Extracted records:
Content starts
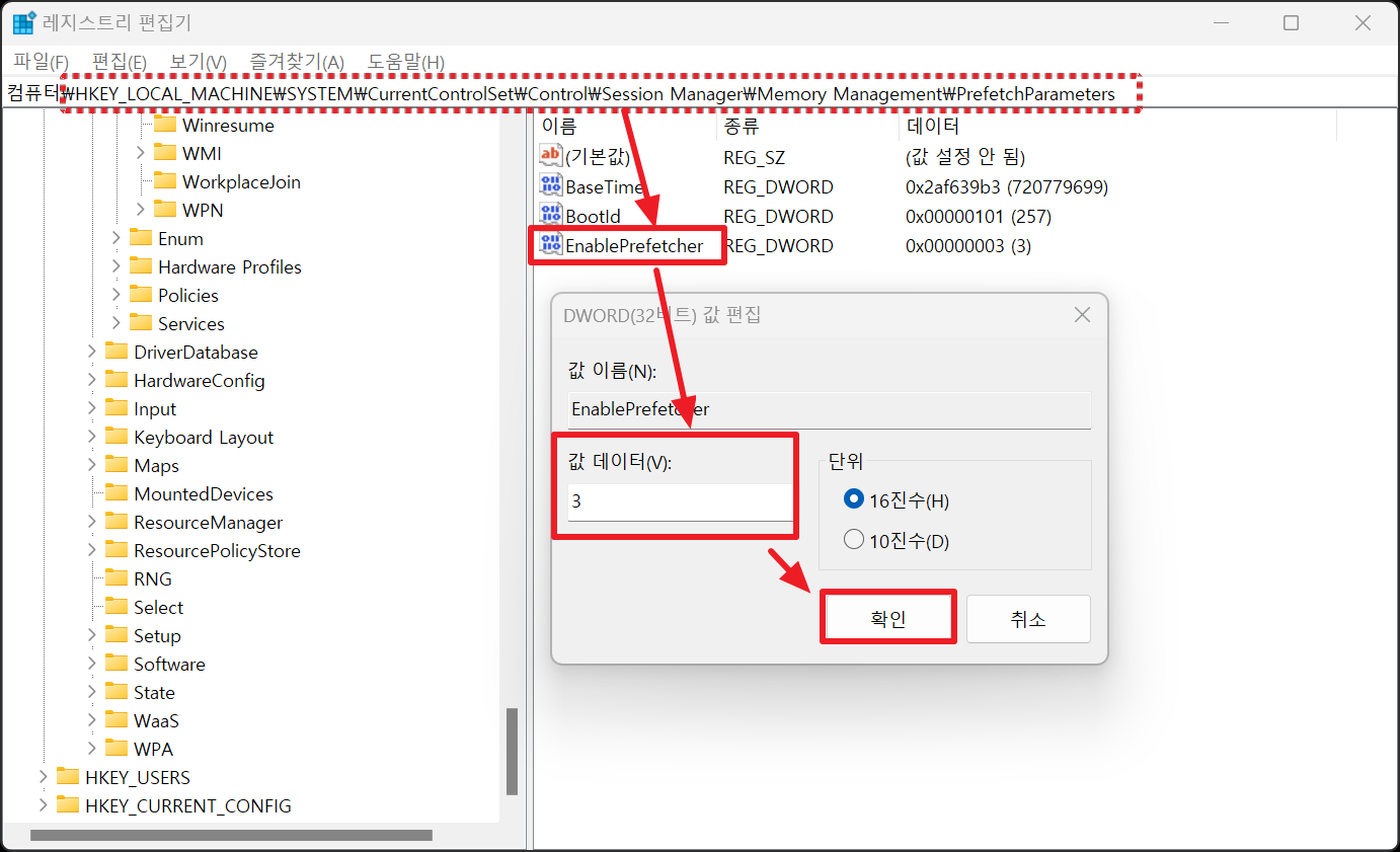 해당 폴더 안에 'EnablePrefetcher' 설정을 실행하여 값데이터를 변경해 줍니다.
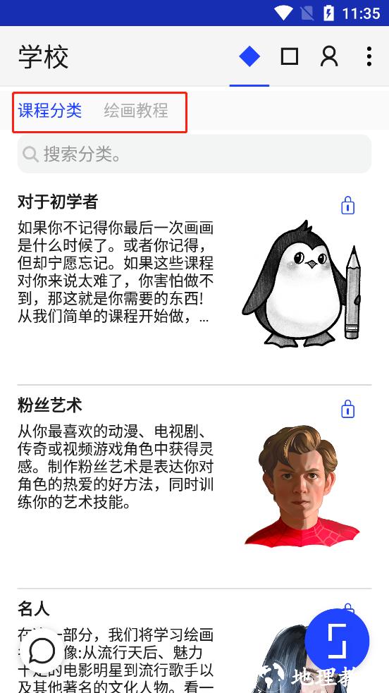 1、下载安装Sketchar,运行软件,之后点击上方红框中的图标进入“学校”专区;
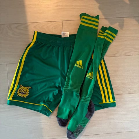 Ilveksen joukkueshortsit (Adidas) ja sukat keltaisena. Koko L (UK 13-14Y, US 14Y, CN 160). Sopii n. 150c-160cm käyttäjälle. Myydään settinä.
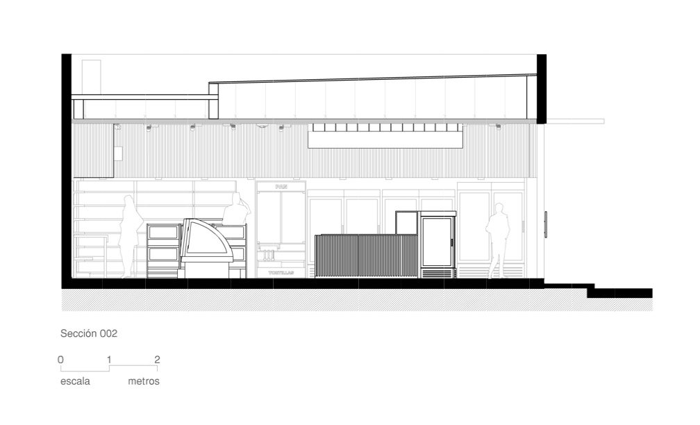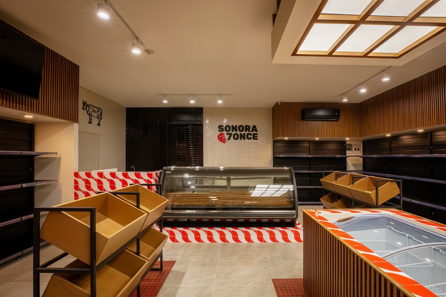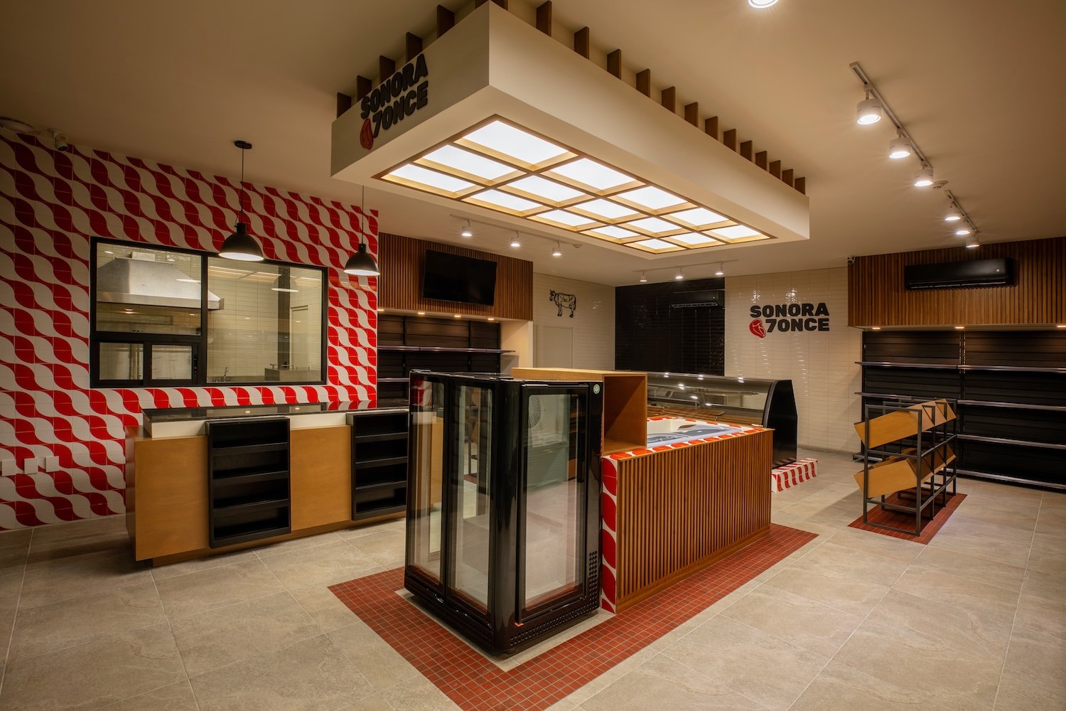 Ubicado en un local comercial de 100.00 m² en Mazatlán, el programa requería precisión: tienda, área de caja, carnicería con vitrina y preparación, zona de grill, medio baño y almacenamiento. El primer reto fue ordenar estos espacios sin sacrificar fluidez ni jerarquía visual. Se diseñó una distribución que permite recorridos intuitivos, visibilidad transversal desde el acceso hasta el fondo, y una lectura clara de las funciones desde cualquier punto del local. El espacio se organiza como un recorrido contenido, donde el cliente, transita frente a cada unidad de exhibición antes de llegar a la caja.
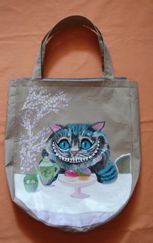 Я Лениными сумками восхищалась и раньше. Она еще футболки расписывает. Все нет денег ей заказать с такой мордулей футболку.
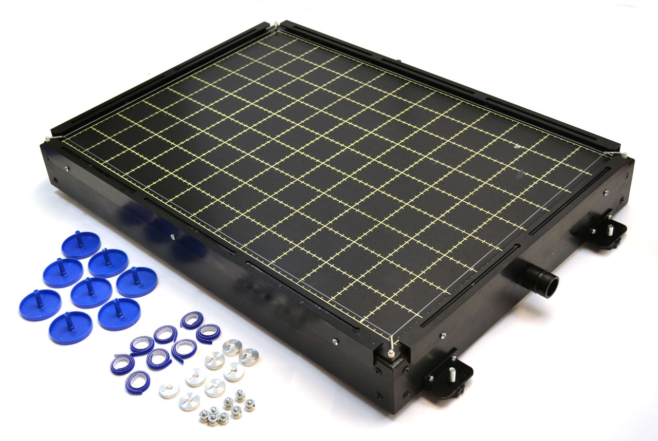 • Air table is constructed of heavy gauge anodized steel, the workable surface is 65cm by 45cm with major graduation of 5 cm and minor graduations of 1 cm
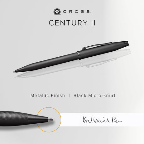 Cross AT0082WG-132 Bolígrafo Century II Micro Ranurado con Detalles en PVP, Negro Mate
Content ends
Required work:
Leave the pictures out, then output exactly the lines from the "Я Лениными сумками" line through the end of the records above, and no others.

Result of the exercise:
 Я Лениными сумками восхищалась и раньше. Она еще футболки расписывает. Все нет денег ей заказать с такой мордулей футболку.
 • Air table is constructed of heavy gauge anodized steel, the workable surface is 65cm by 45cm with major graduation of 5 cm and minor graduations of 1 cm
 Cross AT0082WG-132 Bolígrafo Century II Micro Ranurado con Detalles en PVP, Negro Mate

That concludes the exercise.